First off, the commands "tr", "cut", and "awk".  Of course, it's really easy to learn about them via the "man" command, but I'll explain them here.  GadgetLover also wanted me to post something about groups and permissions, so skip down to after the command explanations if you want to learn about those.

The tr command translates characters.  There are 3 options: -c, -s, and -d.  A regular tr command like the following:

tr ab cd 

... will translate all occurences of "a" in the input to "c", and all occurences of "b" to "d".  If you input this command all by itself, it will wait for you to type something in the terminal and press return before it spits out output.  However, you can have the tr command process a file by using redirection characters, like this:tr -d aoeu < input.txt This instance will use input.txt as the input, and will instantly spit out the output after you press return, without waiting for further input.  Also in the above example, the -d option deletes the characters.  So any instance of "a" or "o" or "e" or "u" in input.txt will be deleted and the rest will be the output.  The -s option will cause any character that is doubled in the output will drop one of the duplicate characters.  For example, if the output (before showing it to you in the terminal window) were "aabbcc", and the -s option was used, the output would actually read "abc".  Note that this occurs AFTER the translation, meaning you will never see duplicate characters in the output (by duplicate or doubled characters I mean a character that is immediately followed by the exact same character, as in "aa" or "bb").  The -c option seems to be flawed, however, because when you do it without specifying a file, it doesn't insert a correct line break to allow for new input -- it places your cursor directly after the output, making the output inevitably part of your next input.  Try something like: tr -c a z in the terminal, and then give it some input and you'll see what I mean.

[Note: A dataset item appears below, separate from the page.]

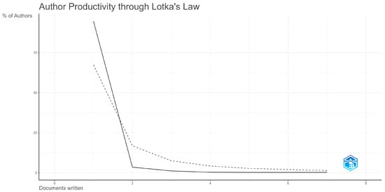 Figure 10 reveals the productivity of the authors using Lotka’s Law, which explains the number of publications of researchers, estimating that a reduced percentage of authors contributed to the majority of the articles [52].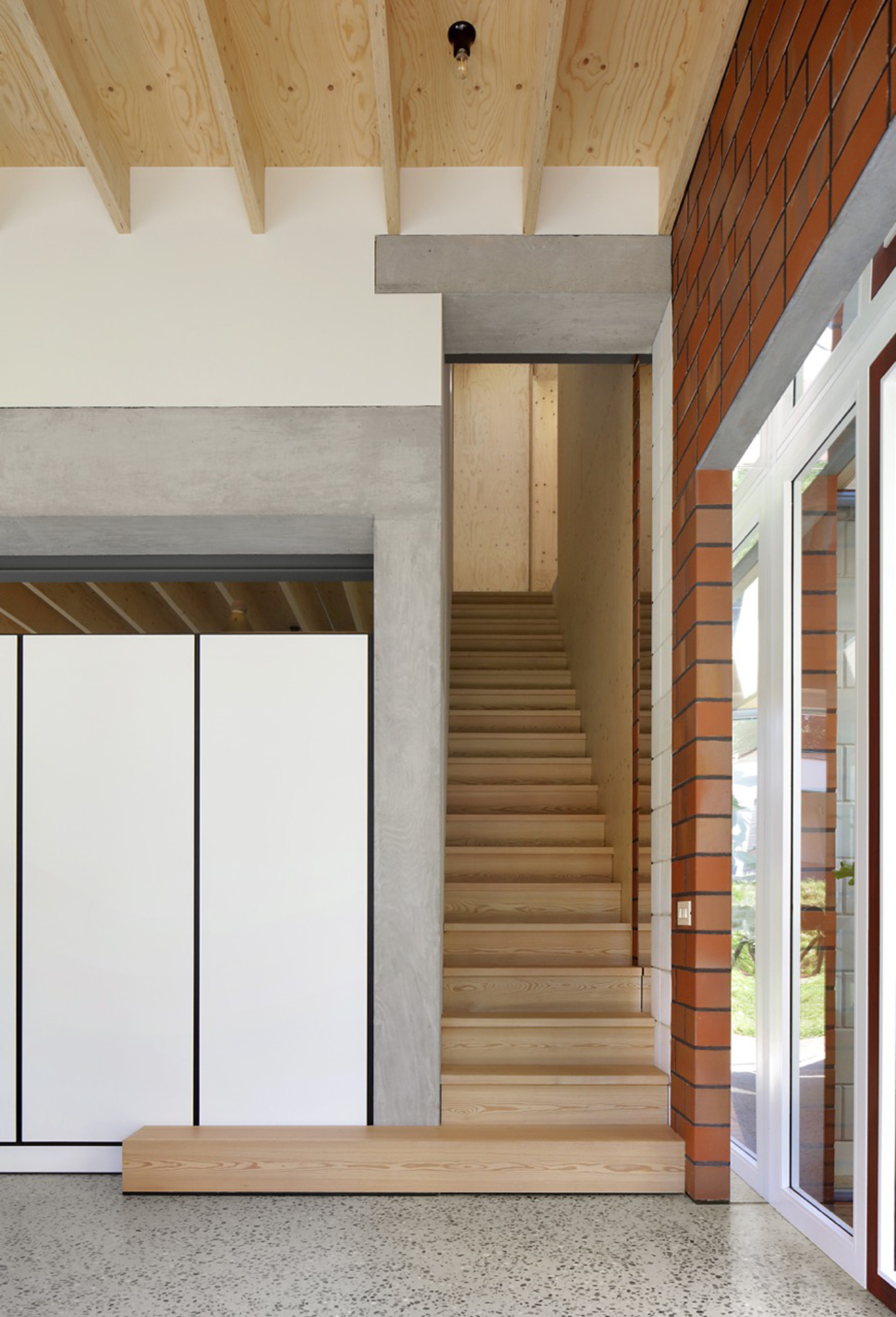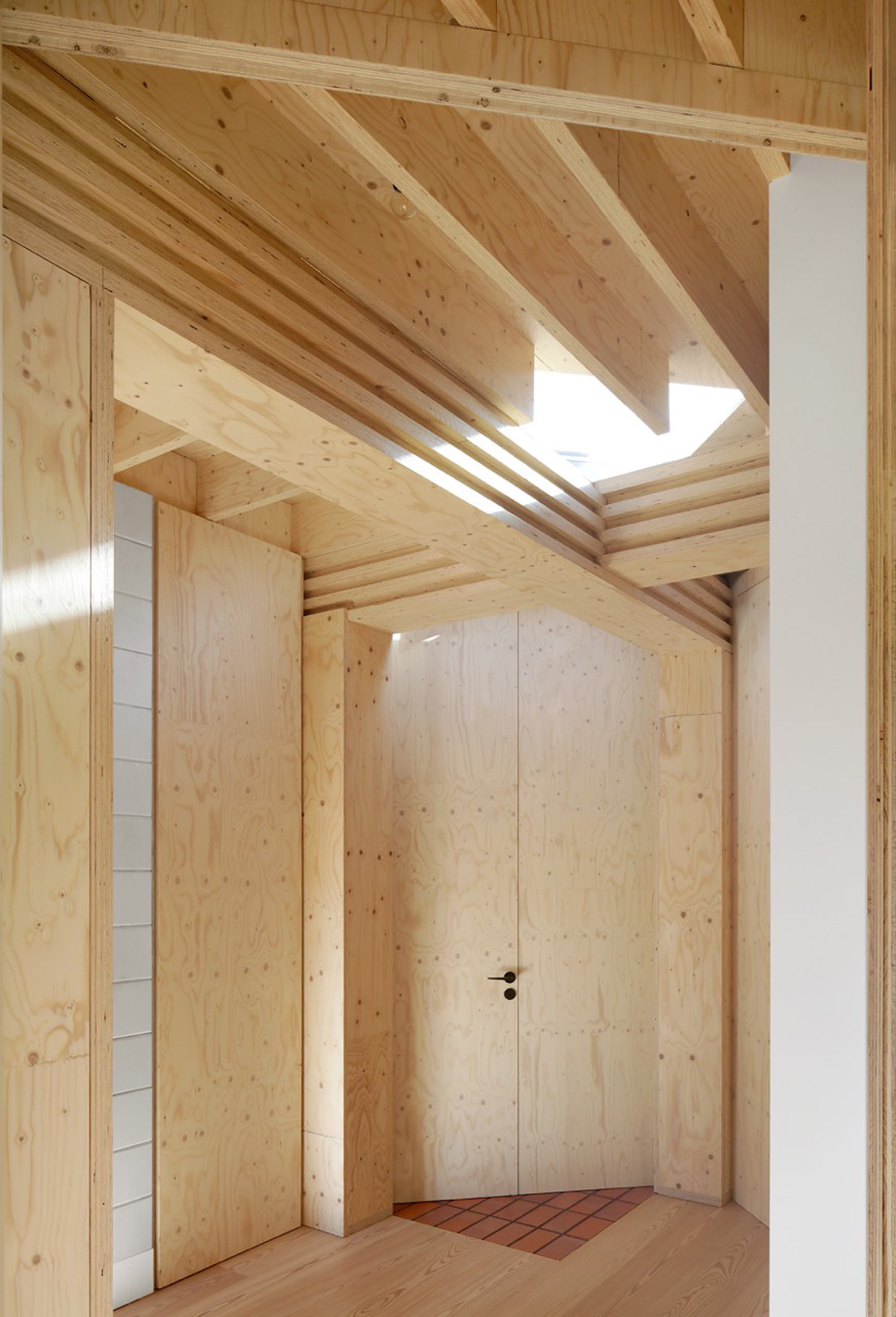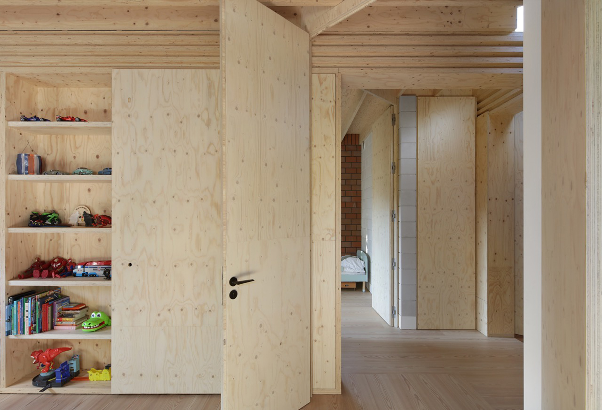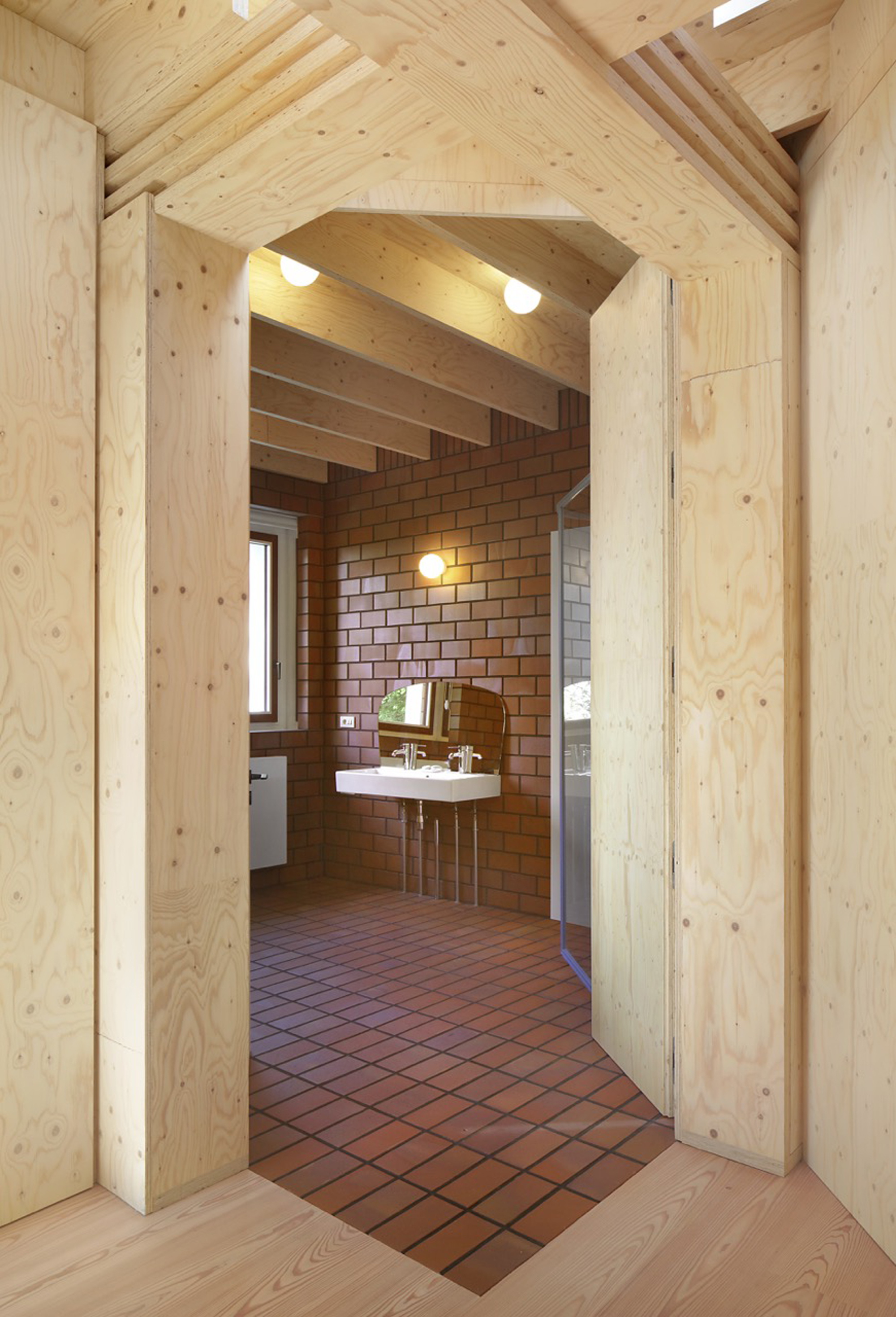 While the construction logic starts from a clear design, it is executed without strict hierarchy, allowing the plaster, red brick and wooden structure to come together in ever new detailing. The window and door openings of the old and new house are additionally used to emphasise the specific atmosphere of each room. For example, an old window opening overlaps with a double glass door, framing part of the old house from the inside, while the cut old sill emphasises the transition between inside and outside. Or an old doorway placed just next to a new window opening, with the red brick only cascading sunlight in without giving a direct view outside.

Now for the "cut" command.  In my previous example, I used the command
cut -d" " -f2.  The first option I will explain, -d, specifies the delimeter character.  For example, if you have a text file with contents
378192 37192 94919. 38391 48393.t6504, and you use -d" ", there will be 5 fields in the above text file.  If, however, you use -d".", there will only be 3 fields, and if you use -d"t", there will be 2 fields.  See?  Note that if you have 2 spaces in a text file next to one another, and you have the space set as the delimeter, one of them will have to be a field, because you cannot have an empty field.  Now with my script, the -f option cuts fields.  So when I specify -f2, I want field 2 in every line.  That's how the script that found the process IDs of SETI@home works, since the pids are the second field when you initiate the "top" command (note that there are 2 spaces at the beginning of the lines that show process IDs and memory usage in top, which means the first space is a field, making the process ID the second field -- I struggled with this for a while until I noticed this).  You can also have it cut certain character positions, by using the -c command, so if you use -c5, you will get the fifth character of each line.  I should say that cut doesn't remove what you specify, it removes everything BUT what you specify.

OK, awk.  It's very similar to "cut", except it is much more powerful, and it has a different syntax.  The command awk '{print $1}' will result in all of the first fields in each line to be printed to the output.  Note that this is different from cut, in the fact that when using fields, the delimitation is always a space (as far as I can tell), and even if you have two spaces next to each other, neither are considered fields, which is why in cut you have to use field 2 and in print you only use field 1 to get the process IDs from top.  It should be noted that the stuff inside the '{ and }' is a program, so anything returned by the program inside there (with the correct syntax) will be outputted.  This is a VERY brief explanation of a very powerful tool, so I highly suggest you look into it more by issuing the man awk command to learn more about it.  There are even some examples near the end.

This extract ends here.